_Work instruction_
Only one stretch of the records below should be repeated. It starts with the line containing "Ну и в один" and goes on through the line containing "Sink-hotplate combination with", exactly as written.

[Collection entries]
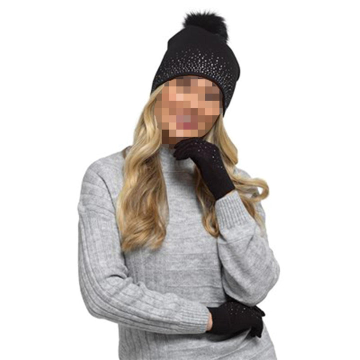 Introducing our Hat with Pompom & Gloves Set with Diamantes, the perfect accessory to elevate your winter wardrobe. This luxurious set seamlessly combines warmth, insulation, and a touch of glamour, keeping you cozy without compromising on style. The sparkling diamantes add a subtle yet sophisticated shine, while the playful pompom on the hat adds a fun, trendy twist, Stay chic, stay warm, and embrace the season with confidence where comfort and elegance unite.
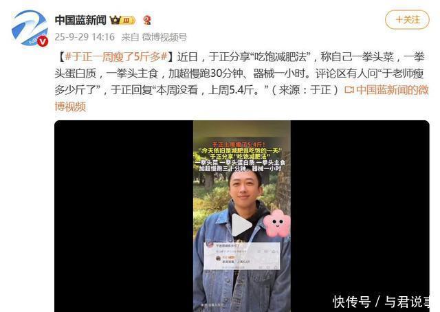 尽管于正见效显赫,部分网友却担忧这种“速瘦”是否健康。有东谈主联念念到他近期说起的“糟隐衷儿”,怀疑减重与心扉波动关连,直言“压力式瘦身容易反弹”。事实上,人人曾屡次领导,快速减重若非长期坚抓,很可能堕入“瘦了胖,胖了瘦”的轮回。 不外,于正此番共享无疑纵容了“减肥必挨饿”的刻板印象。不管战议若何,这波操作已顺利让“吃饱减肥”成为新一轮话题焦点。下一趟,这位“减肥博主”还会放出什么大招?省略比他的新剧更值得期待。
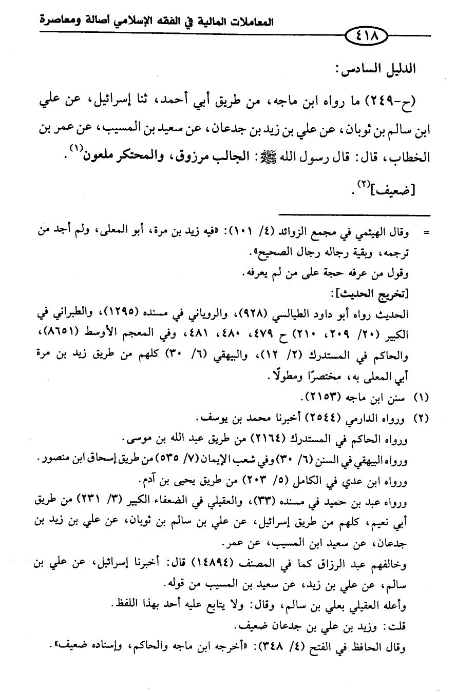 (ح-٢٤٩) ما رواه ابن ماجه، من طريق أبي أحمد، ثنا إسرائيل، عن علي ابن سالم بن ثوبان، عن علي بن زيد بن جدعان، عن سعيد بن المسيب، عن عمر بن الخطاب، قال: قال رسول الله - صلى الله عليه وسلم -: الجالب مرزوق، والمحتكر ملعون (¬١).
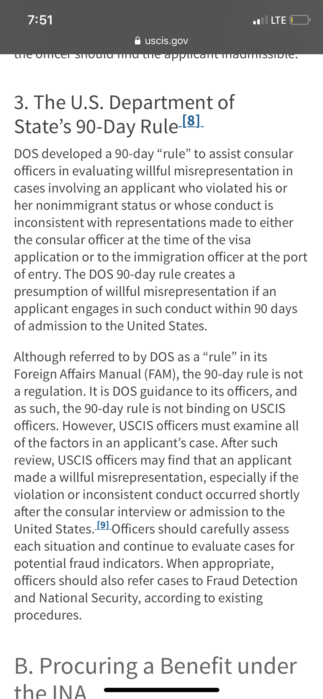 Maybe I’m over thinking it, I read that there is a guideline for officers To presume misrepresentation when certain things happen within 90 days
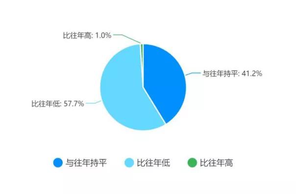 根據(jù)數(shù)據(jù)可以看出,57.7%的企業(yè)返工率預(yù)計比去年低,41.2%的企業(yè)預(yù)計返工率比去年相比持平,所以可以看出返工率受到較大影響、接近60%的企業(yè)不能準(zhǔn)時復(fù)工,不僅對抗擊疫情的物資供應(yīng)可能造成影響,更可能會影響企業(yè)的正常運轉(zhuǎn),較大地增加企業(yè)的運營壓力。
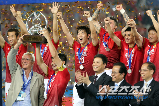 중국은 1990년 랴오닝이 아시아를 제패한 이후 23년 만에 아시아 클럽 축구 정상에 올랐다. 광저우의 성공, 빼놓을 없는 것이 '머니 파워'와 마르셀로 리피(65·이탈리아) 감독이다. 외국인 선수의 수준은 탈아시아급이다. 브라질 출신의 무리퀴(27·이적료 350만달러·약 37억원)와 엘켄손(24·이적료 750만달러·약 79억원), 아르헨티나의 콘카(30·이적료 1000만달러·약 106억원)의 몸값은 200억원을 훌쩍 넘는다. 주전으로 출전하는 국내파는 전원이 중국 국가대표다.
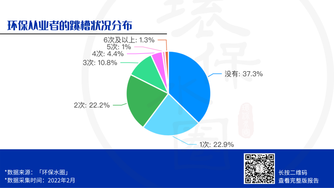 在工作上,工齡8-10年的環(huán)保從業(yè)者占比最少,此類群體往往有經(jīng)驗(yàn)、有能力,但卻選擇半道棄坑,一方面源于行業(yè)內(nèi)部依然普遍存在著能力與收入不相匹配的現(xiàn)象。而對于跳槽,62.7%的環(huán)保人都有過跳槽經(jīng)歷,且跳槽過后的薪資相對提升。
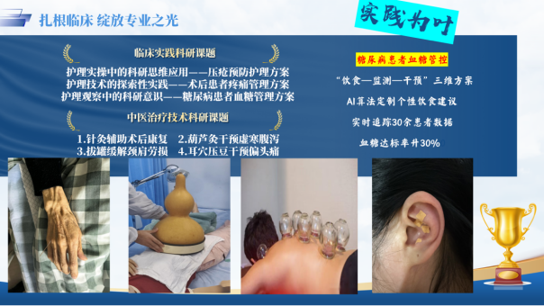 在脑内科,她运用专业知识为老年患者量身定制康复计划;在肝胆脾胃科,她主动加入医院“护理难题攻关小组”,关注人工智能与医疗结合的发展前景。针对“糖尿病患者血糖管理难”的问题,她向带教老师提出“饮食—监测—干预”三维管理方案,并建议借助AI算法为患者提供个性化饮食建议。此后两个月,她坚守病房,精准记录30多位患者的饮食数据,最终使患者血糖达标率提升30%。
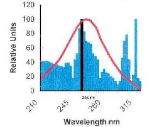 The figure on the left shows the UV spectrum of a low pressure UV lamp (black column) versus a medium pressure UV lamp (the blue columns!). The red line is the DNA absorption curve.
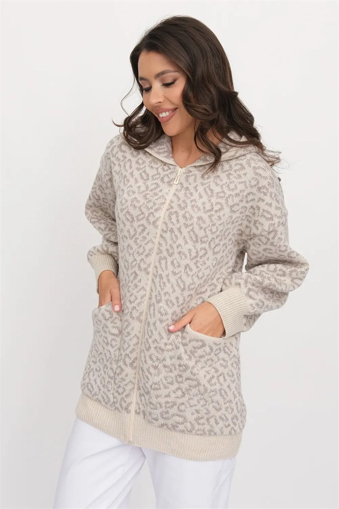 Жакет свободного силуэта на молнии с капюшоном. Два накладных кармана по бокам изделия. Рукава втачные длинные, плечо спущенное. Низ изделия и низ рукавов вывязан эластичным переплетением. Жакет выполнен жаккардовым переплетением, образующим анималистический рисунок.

...

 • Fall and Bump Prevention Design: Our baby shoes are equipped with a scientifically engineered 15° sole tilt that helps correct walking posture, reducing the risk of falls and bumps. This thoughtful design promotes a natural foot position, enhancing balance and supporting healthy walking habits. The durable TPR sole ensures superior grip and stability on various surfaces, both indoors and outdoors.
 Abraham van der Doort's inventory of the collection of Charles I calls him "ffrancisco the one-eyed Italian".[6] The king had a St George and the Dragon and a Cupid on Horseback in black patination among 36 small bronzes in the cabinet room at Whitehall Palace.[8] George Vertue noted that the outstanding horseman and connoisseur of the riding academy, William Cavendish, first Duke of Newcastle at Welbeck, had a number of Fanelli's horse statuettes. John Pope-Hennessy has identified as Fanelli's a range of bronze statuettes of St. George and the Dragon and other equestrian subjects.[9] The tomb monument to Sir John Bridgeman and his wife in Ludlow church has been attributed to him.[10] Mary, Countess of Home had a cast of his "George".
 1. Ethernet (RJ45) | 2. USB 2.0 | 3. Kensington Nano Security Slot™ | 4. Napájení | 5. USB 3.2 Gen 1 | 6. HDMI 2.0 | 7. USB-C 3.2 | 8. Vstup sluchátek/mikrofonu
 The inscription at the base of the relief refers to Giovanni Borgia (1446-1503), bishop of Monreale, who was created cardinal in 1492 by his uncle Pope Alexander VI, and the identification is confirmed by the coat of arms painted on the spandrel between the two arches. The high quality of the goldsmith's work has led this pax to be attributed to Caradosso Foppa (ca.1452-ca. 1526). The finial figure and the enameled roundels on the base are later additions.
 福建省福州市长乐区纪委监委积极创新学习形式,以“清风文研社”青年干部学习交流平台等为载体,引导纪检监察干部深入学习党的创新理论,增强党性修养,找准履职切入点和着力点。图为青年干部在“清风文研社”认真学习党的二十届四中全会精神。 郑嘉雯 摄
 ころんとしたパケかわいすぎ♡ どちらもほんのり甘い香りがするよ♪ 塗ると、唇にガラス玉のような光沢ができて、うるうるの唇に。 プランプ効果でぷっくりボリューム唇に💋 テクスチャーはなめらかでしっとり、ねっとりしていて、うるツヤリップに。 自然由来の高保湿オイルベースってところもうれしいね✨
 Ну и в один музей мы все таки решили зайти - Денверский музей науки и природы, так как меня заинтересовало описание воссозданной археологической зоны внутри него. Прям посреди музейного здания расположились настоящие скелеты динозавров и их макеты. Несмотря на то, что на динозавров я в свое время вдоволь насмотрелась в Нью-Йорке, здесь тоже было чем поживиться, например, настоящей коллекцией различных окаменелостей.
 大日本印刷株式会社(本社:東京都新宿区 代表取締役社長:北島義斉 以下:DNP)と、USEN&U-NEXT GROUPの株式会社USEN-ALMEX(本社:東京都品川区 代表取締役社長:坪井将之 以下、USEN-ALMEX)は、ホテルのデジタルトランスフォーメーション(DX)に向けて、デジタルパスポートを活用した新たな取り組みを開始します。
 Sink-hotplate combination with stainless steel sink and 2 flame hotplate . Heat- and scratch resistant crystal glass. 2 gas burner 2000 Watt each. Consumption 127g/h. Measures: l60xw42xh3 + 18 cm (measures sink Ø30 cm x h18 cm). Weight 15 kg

_Exercise solution_
 Ну и в один музей мы все таки решили зайти - Денверский музей науки и природы, так как меня заинтересовало описание воссозданной археологической зоны внутри него. Прям посреди музейного здания расположились настоящие скелеты динозавров и их макеты. Несмотря на то, что на динозавров я в свое время вдоволь насмотрелась в Нью-Йорке, здесь тоже было чем поживиться, например, настоящей коллекцией различных окаменелостей.
 大日本印刷株式会社(本社:東京都新宿区 代表取締役社長:北島義斉 以下:DNP)と、USEN&U-NEXT GROUPの株式会社USEN-ALMEX(本社:東京都品川区 代表取締役社長:坪井将之 以下、USEN-ALMEX)は、ホテルのデジタルトランスフォーメーション(DX)に向けて、デジタルパスポートを活用した新たな取り組みを開始します。
 Sink-hotplate combination with stainless steel sink and 2 flame hotplate . Heat- and scratch resistant crystal glass. 2 gas burner 2000 Watt each. Consumption 127g/h. Measures: l60xw42xh3 + 18 cm (measures sink Ø30 cm x h18 cm). Weight 15 kg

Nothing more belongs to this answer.